Such a state could be modeled on the cantonal structure of Switzerland
or the bi-national arrangement of Belgium. In the Palestine/Israel case,
the cantonal structure would be based on the present demographic pattern
of the country where densely Arab populated areas like the Galilee would
become Arab cantons, and Jewish ones like Tel Aviv would be Jewish
cantons, and so on. This leaves a number of practical issues to be
resolved, as for example, the exact composition and powers of the
parliament, the exercise the right of return for Jews and that for Arabs
and so on.

However, the debate is still new and the Palestinian side, beyond a very
small number of people, of whom the Knesset member Azmi Bishara and the
Palestinian academic Edward Said are the most prominent, has yet to
enter it. But at least implicit in these proposals is a recognition that
Israel is in fact something of a bi-national state already, since a
fifth of its current population inside the Green Line is Palestinian
Arab. The democratic secular state on the other hand envisions a
one-man, one-vote polity without reference to ethnicity or creed. It
would aim to create an equitable pluralist society on the Western
democratic model, and is opposed to an arrangement of separate
communities. This idea has far fewer adherents and these, outside the
tiny ranks of anti-Zionist Jews like Professor Ilan Pappe of Haifa
University, and others who are, like myself, mostly Palestinian.
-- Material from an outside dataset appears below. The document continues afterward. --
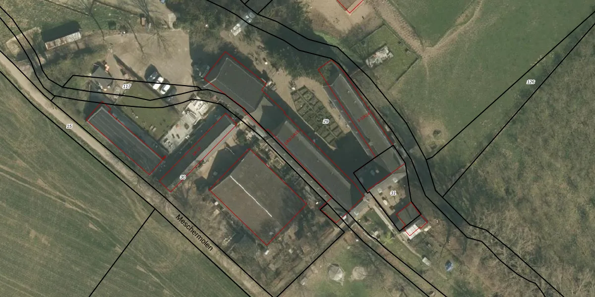 Het perceel waarop Meschermolen 1-A8 staat heeft een oppervlakte van 8059 m². Dit is een zeer groot perceel. De perceeloppervlakte wordt geregistreerd door het Kadaster. Gedetailleerde informatie over de maten van dit perceel kunt u vinden in het rapport Kadastrale kaart met maatvoering van Meschermolen 1-A8.

Objections to the one-state solution

Irrespective of which system is chosen, the one-state solution is
unlikely to find acceptance amongst the mass of Palestinians or
Israelis. Currently, there are several arguments put forward against it:

*Firstly it is maintained that Jewish-Israelis and Palestinians will
never accept integration. There is therefore a choice between separation
and military conquest by one side. Separation is the more humane of
these possibilities.

But is the premise true? In reality there are many instances in world
history of integration between peoples who appeared to be totally
irreconcilable before the resolution of a conflict. Perhaps the most
relevant, though still fragile, example is South Africa. England
following the Civil War is another. It should never be forgotten that
more than half the Jewish population of Israel came from Arab countries,
where they were relatively well integrated. Though most of these now
speak Hebrew and see themselves as Israelis, they retain strong elements
of their Arabic culture and have recently begun to celebrate these
openly.

*Secondly, it is pointed out that Israel has the military power to do
what it likes. In these circumstances the Palestinians should take what
they can get and live to fight another day.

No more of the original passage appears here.